**WHAT IS EXPECTED**
Only one stretch of the records below is wanted: the lines from the one holding "로봇의 움직임에 따라" through the one holding "越冬中のクロヅル。最近は毎日のように採餌場所を転々と移動しています。". Return it exactly, both ends included.

**DATA TO PROCESS**
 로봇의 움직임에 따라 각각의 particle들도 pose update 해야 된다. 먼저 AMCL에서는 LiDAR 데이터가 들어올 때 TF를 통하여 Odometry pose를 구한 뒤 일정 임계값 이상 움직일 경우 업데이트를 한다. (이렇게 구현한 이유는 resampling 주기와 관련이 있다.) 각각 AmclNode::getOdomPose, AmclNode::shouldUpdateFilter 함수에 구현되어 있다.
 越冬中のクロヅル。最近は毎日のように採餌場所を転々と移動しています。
* * *
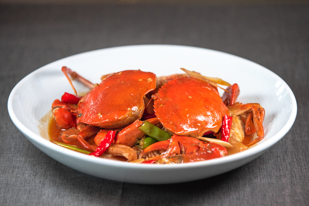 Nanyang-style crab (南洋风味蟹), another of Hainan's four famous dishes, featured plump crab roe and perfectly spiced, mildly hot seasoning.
==
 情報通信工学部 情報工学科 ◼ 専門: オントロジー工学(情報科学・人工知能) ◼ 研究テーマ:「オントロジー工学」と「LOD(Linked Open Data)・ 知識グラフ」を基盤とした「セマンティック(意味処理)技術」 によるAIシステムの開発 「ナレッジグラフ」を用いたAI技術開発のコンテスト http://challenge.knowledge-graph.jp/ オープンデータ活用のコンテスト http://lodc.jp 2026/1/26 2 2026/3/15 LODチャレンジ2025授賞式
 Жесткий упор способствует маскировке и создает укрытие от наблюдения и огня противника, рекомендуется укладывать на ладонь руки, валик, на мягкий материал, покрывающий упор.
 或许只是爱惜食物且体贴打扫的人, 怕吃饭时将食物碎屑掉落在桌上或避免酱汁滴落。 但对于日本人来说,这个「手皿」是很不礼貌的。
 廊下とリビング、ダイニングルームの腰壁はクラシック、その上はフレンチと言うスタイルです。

**THE ANSWER**
 로봇의 움직임에 따라 각각의 particle들도 pose update 해야 된다. 먼저 AMCL에서는 LiDAR 데이터가 들어올 때 TF를 통하여 Odometry pose를 구한 뒤 일정 임계값 이상 움직일 경우 업데이트를 한다. (이렇게 구현한 이유는 resampling 주기와 관련이 있다.) 각각 AmclNode::getOdomPose, AmclNode::shouldUpdateFilter 함수에 구현되어 있다.
 越冬中のクロヅル。最近は毎日のように採餌場所を転々と移動しています。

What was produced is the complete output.